Para mı isteyecekler? Memur maaşı belli...
Yoksa, "darbe yapacağız, bize katıl, en azından sesini çıkarma" mı diyecekler?
Tüh be, bize hiçkimse "demokrasi getireceğiz, Ayşe de zaten yola çıktı, sana doğru geliyor" demedi anasını satayım!
Şaka bir yana, bugüne kadar tam on bir subay intihar etti patır patır, balkondan atlayan da var.
Onur meselesi... Şantaj yapmak ayıp değil, gizli örgüt kurmak, darbe planlamak ayıp değil, kadın tedarik etmek ayıp değil, suçu kabul edip cezasına katlanmak ayıp.

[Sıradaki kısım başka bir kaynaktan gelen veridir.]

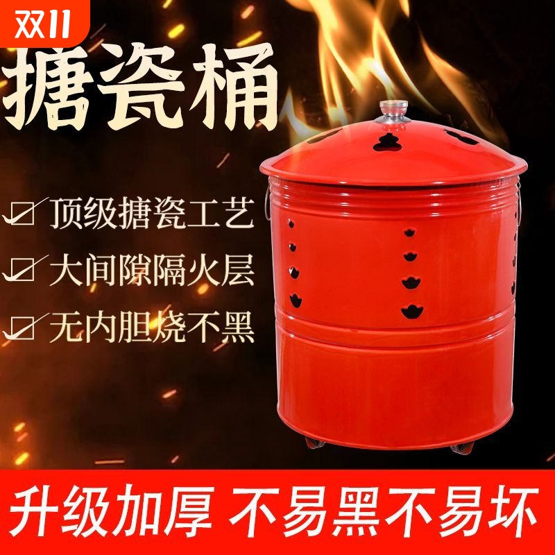 搪瓷烧金桶家用红色烧元宝桶烧纸桶化宝桶大号聚宝盆烧不黑

Türk ordusunun itibarını, şerefini kurtarmanın, bu pislikleri temizlemenin zamanı geldi de geçiyor paşalarım!
Faraş ve süpürgeyle halının altına iterek değil ama.
"Karısının mal mülk hırsına boyun eğerek hırsızlık yapan paşa" konusunda gösterdiğiniz tutumu ve kararlılığı bu konuda da göstereceksiniz, o kadar.
Haaa, başına dert almamanın, hapislere düşmemenin, sıkıyı görünce şakağına kurşunu basmamanın da bir tek yolu var:
Suç işlemeyeceksin! Bu tür rezilliklere bulaşmayacaksın, taşıdığın üniformanın şerefini koruyacaksın. O zaman "beni sivil mahkeme mi yargılasın askeri mahkeme mi yargılasın" ikileminden de kurtulursun, hiç girmezsin o döngüye.
İkide bir "Atatürk sağ olsaydı" demeye bayılıyorsun, Atatürk sağ olsaydı seni ne yapardı, biliyor musun?